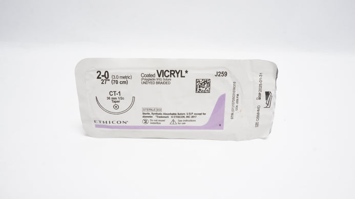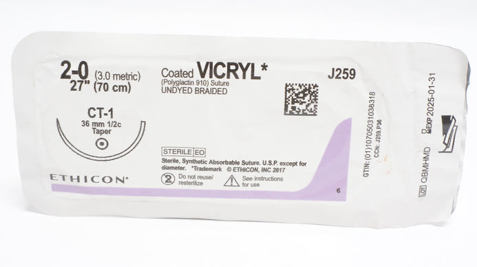 Ethicon J259 2-0 Coated VICRYL Polyglactin 910 Suture Undyed Braided CT-1 36mm 1/2c Taper, 27inch
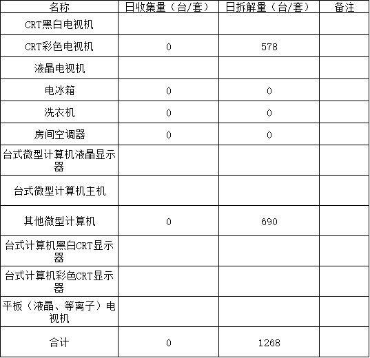2026年01月06日废弃电器电子产品收集处置日报表
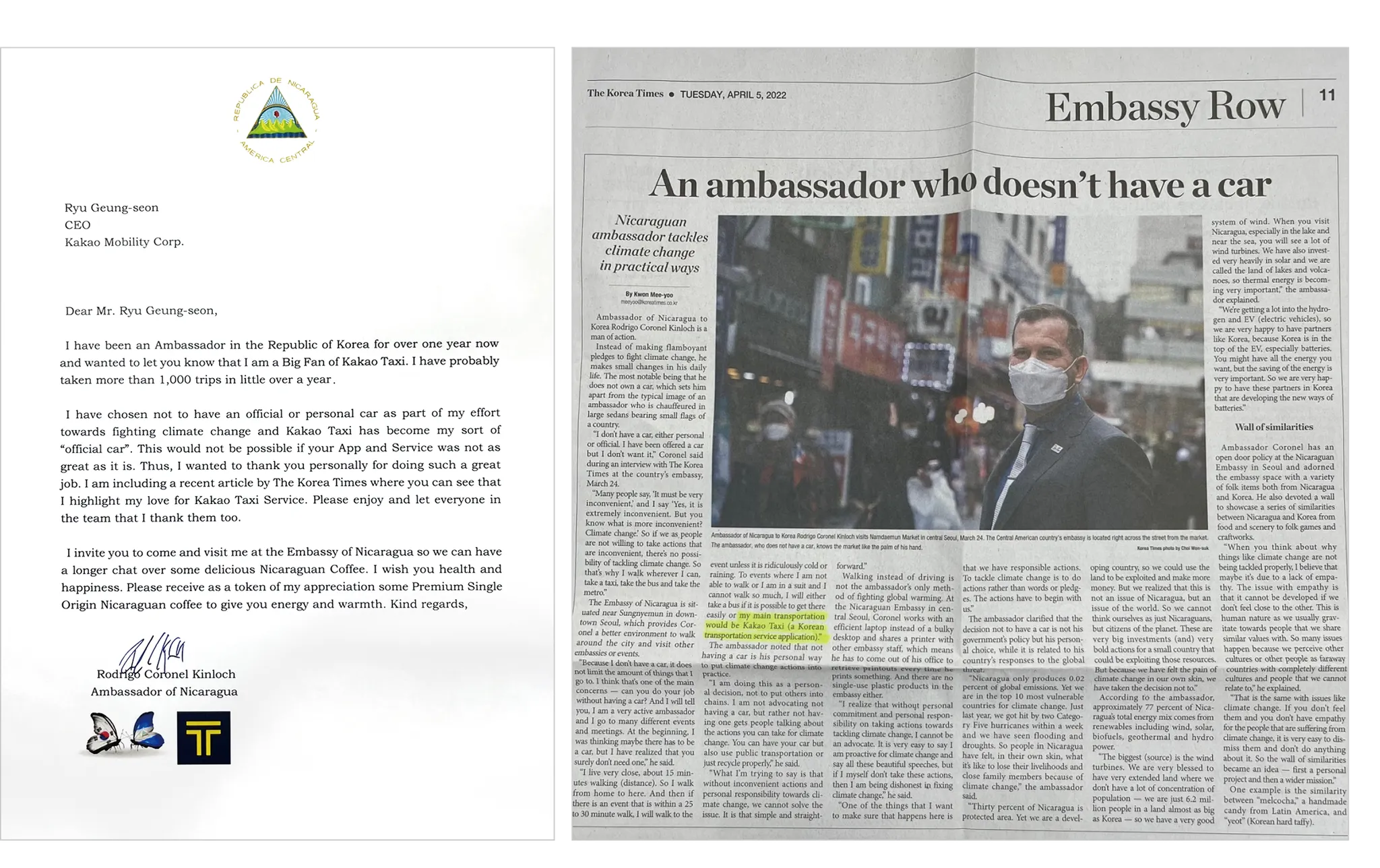 편지를 보내주신 주인공은 바로 사진 속 ‘로드리고 코로넬 주한 니카라과 대사님' 이셨는데요. 대사님이 2021년 대한민국에 부임하신 이후 줄곧 관용차량 대신 카카오 T 택시를 이용해 일정에 참석해 온 사연이 화제가 되어 언론에까지 보도되었다고 합니다.
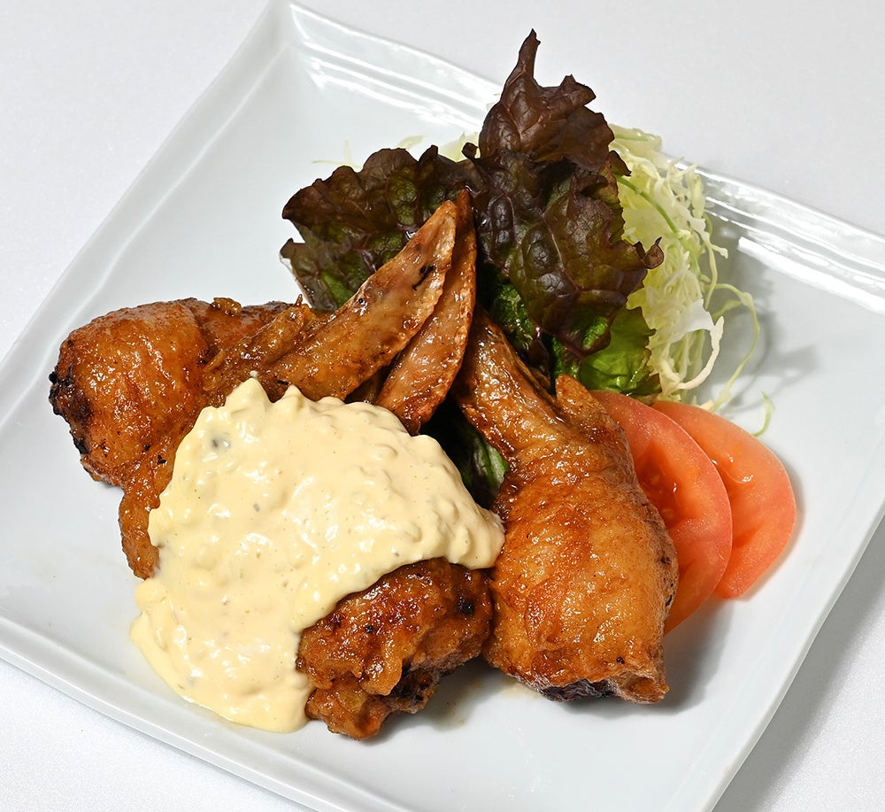 〈餃子の馬渡〉自慢の人気商品「手羽餃子」に馬渡特製こだわり餃子餡をギュッと詰め込みました。タルタルソースをたっぷりと。
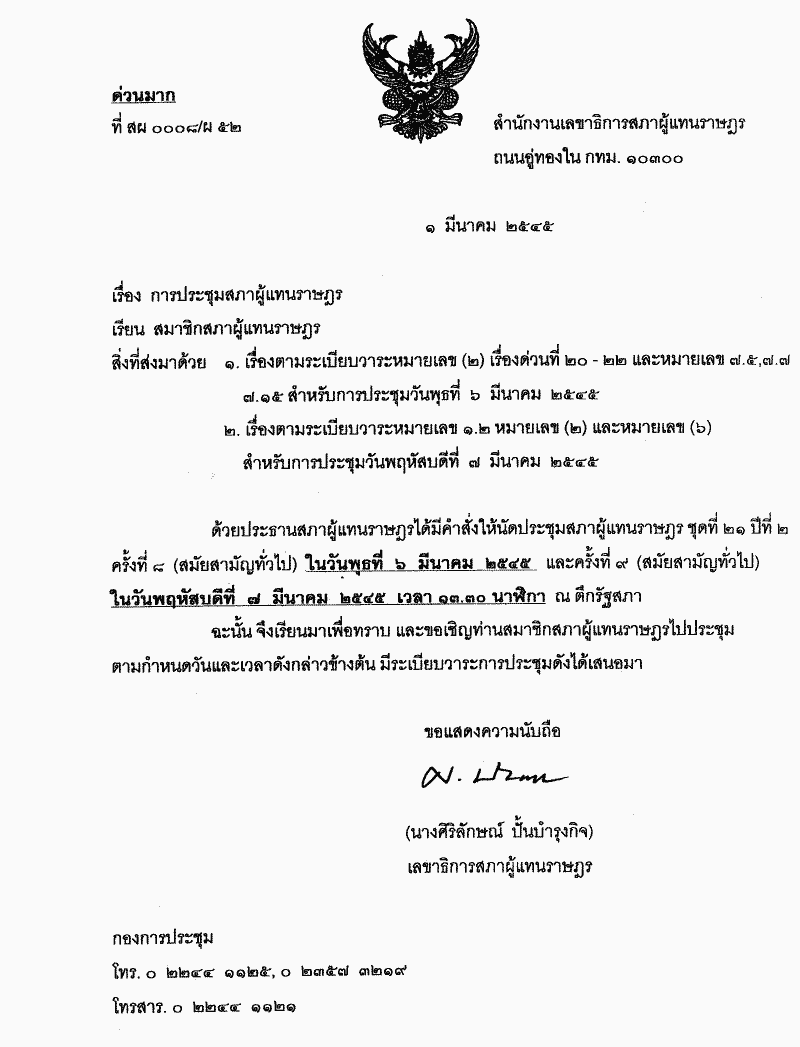 • ระเบียบวาระการประชุมสภาผู้แทนราษฎรชุดที่ 21 ปีที่ 2 ครั้งที่ 8 (สมัยสามัญทั่วไป) วันพุธที่ 6 มีนาคม 2545
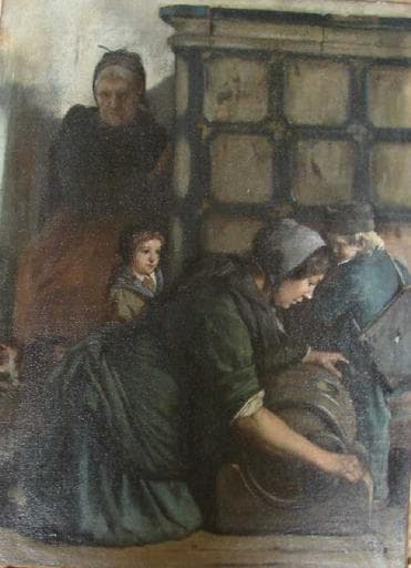 scène (paysan, pressurage : beurre, jeune fille, vieille, garçon, fillette, chat, mur) ; portrait collectif (Henner Marie Anne, jeune fille, de profil, agenouillé, Henner Madeleine, vieille, de face, assis) ; figure (homme, tête, de profil)
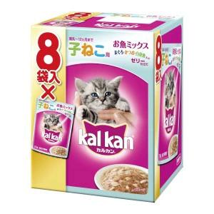 本製品1袋とドライ製品を混ぜて与えた場合の1日の給与量の目安(カルカンドライ子ねこ用の場合)生後4-8週間体重0.8kg:ドライ35g、生後-12週間体重1.2kg:ドライ45g、生後-16週間体重1.8kg:ドライ55g、生後-32週間体重3.1kg:ドライ65g、生後-52週間体重3.5kg:ドライ40g
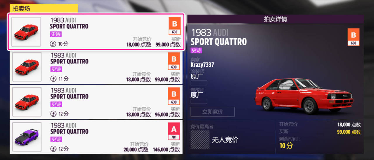 奖励车辆为:1983款AUDI SPORT QUATTRO
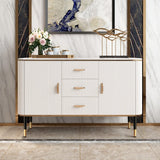 55.1" White Modern Sideboard with 3 Drawers - 2 Shelves - Doors Included - Black Walnut - White
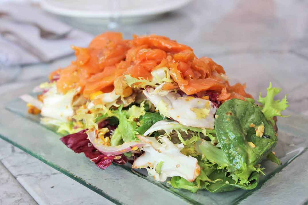 Gracias a David de David por Madrid, fuimos a conocer su nueva carta. Comenzamos nuestra experiencia gastronómica con una «Ensalada de burrata» con cherries dulces, piñones y kumato y una «Ensalada de salmón» ahumado con kikos, cebolla morada y vinagreta de miel y mostaza.
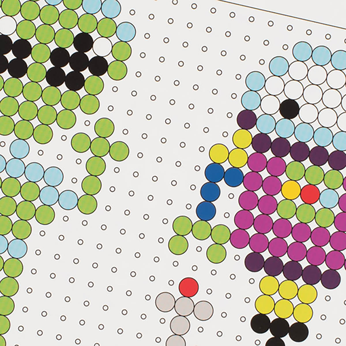 Pattern pad features 58 full-size patterns of outer space designs, such as rockets, aliens, astronauts, and planets. Each page provides a list of bead colors needed to create the patterns on that page. Patterns designed for use with Perler beads and large clear square pegboard. For ages 6 and up; ironing to be done by an adult only.
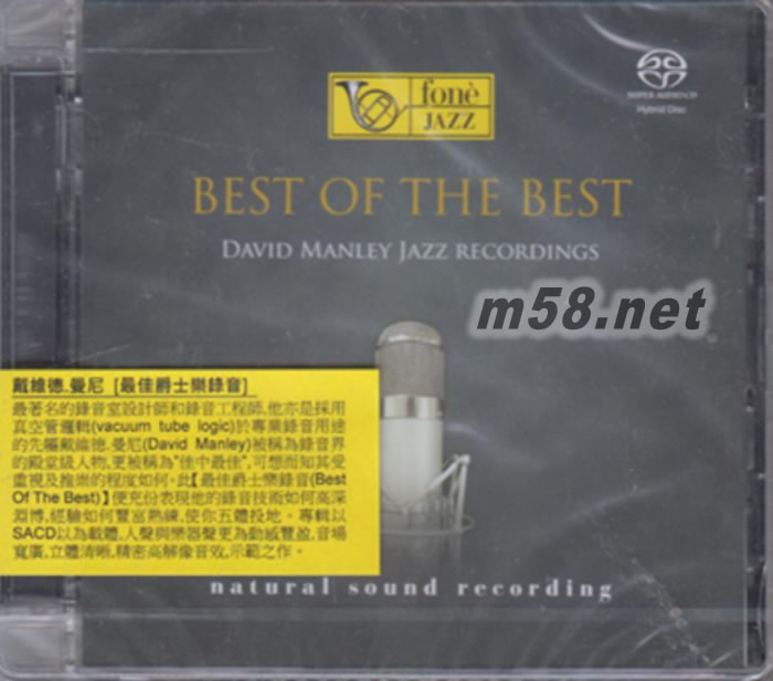 最佳爵士樂錄音 David Manley Jazz Recordings [Best Of The Best] SACD(m58.net) 1. 最著名的錄音室設計師和錄音工程師,他亦是採用真空管邏輯(vacuum tube logic)於專業錄音用途的先軀戴維德.曼尼(David Manley)被稱為錄音界的殿堂級人物,更被稱為「佳中最佳(Best of the Best)」,可想而知其受重視及推崇的程度如何。

··········

> **Task goal**
The copy must begin with the line containing "本製品1袋とドライ製品を混ぜ", end with the last line of the material, match each line exactly, and hold no pictures.

> **Exercise solution**
 本製品1袋とドライ製品を混ぜて与えた場合の1日の給与量の目安(カルカンドライ子ねこ用の場合)生後4-8週間体重0.8kg:ドライ35g、生後-12週間体重1.2kg:ドライ45g、生後-16週間体重1.8kg:ドライ55g、生後-32週間体重3.1kg:ドライ65g、生後-52週間体重3.5kg:ドライ40g
 奖励车辆为:1983款AUDI SPORT QUATTRO
 55.1" White Modern Sideboard with 3 Drawers - 2 Shelves - Doors Included - Black Walnut - White
 Gracias a David de David por Madrid, fuimos a conocer su nueva carta. Comenzamos nuestra experiencia gastronómica con una «Ensalada de burrata» con cherries dulces, piñones y kumato y una «Ensalada de salmón» ahumado con kikos, cebolla morada y vinagreta de miel y mostaza.
 Pattern pad features 58 full-size patterns of outer space designs, such as rockets, aliens, astronauts, and planets. Each page provides a list of bead colors needed to create the patterns on that page. Patterns designed for use with Perler beads and large clear square pegboard. For ages 6 and up; ironing to be done by an adult only.
 最佳爵士樂錄音 David Manley Jazz Recordings [Best Of The Best] SACD(m58.net) 1. 最著名的錄音室設計師和錄音工程師,他亦是採用真空管邏輯(vacuum tube logic)於專業錄音用途的先軀戴維德.曼尼(David Manley)被稱為錄音界的殿堂級人物,更被稱為「佳中最佳(Best of the Best)」,可想而知其受重視及推崇的程度如何。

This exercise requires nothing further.